The next thing I need to see (if I'm not seeing the Eiffel tower till later) is the Seine, so we head toward where I think it is (which luckily is the right direction). Passing fountains and statues that look hundreds of years old, I start up some stairs and this woman stops me, having just passed me. "Excuse me," she says, "Is this yours?" and holds up a thick gold band. I tell her it's not and start to walk away, and she stops me again, saying she just found it on the ground, and do I want it? Because she doesn't wear jewelry, and it must just be good luck, I'm lucky, I get to take home this gold ring, and look, it must be real gold! Mostly because she's stopping me from getting to the Seine, I thank her and take it, and start to walk away again. A second time, she calls back to me and says something along the lines of, by the way, I need money for such and such, and could you spare some change since you've had such good luck today? I laugh and hold out the ring and tell her to just take it back. She won't touch it, says it's mine, and that I should help her out. Noah rolls his eyes, grabs the ring, and sets it in the dirt in front of me, and we walk away. Agh. Scammers!
Feeling really surprised that this is actually the first encounter we've had with them, we continue along the walkway. In front of me, I watch a woman walk up the stairs, bend over and touch her fingers to the ground - where nothing is - and then turn around as I walk passed and say, "Excuse me!" holding a ring in her hand. I laugh and yell over my shoulder, "Already happened, lady!" and she just walks away. Yeesh.

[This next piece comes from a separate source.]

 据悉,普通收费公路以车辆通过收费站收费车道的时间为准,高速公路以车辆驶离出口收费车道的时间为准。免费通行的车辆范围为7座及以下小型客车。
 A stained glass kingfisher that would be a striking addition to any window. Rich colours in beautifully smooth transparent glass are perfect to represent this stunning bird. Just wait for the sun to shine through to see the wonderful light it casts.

Scammers vanquished, we finally make it to the street and there's the Seine, just across the way. And one of Paris' many bridges, Le Pont des Arts. This one happens to be the lock bridge, where lovers lock a padlock onto the bridge and throw the key into the Seine. It's beautiful. Parts of the fence are bent and hanging precariously over the waters, the weight of all the locks too much for it to handle.

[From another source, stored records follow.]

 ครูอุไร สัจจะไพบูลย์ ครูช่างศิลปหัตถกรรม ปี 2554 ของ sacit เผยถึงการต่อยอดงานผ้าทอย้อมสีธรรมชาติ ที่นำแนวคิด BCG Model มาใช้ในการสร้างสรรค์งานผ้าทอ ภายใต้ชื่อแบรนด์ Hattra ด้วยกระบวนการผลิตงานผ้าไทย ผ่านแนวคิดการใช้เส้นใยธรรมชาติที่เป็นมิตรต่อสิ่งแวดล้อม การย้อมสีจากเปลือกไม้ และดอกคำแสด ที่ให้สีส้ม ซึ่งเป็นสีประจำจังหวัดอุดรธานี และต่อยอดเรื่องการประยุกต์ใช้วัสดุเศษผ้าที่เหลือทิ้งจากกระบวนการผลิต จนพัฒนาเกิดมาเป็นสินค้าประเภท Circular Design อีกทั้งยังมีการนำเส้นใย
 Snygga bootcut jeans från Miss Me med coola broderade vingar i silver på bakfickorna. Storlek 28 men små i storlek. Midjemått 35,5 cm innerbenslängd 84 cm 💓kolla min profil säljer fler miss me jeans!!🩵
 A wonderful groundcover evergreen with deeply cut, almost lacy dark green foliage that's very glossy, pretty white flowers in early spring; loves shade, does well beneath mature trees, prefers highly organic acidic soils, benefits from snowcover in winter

I love you already, Paris.
We cross to the other side of the river and wander along its banks for a few hours, head into the city around the Musée d'Orsay to find some food, wander back out. There's a map of the world painted along the path on one side, and they have Hawaii stuck in the middle of the Atlantic Ocean. I think somebody was confused.
I immediately and completely want to live here.

Atlantic Hawaii.
We walk for a long time, not really paying attention to where we're going. We end up on the little island in the middle of the Seine, where Notre Dame is. We come up on the building from a construction area, everything blocked off with wooden planks, and wood bleachers, the top of the building poking out above everything. It looks different than I imagined.

Different how!
That has been such a strange thing about traveling. I've seen these cities, these places, these monuments. But actually being there, seeing them in's never quite what you expect. Notre Dame was grand. We walk down the bleachers and sit for a bit, to admire the view and to rest from all the walking. After a short while, we notice a man in a khaki jumper, wearing goggles, performing for everyone seated in the bleachers. He's imitating and following around tourists, running up to older ladies and shouting, "Mama!", grabbing the hands of single moms and acting like their child's dad, pointing out invisible attractions and steering them around other tourists. He walks up behind people with distinctive walks and imitates their movements and gestures, until they notice, and realize everyone is watching. He's actually kind of hilarious.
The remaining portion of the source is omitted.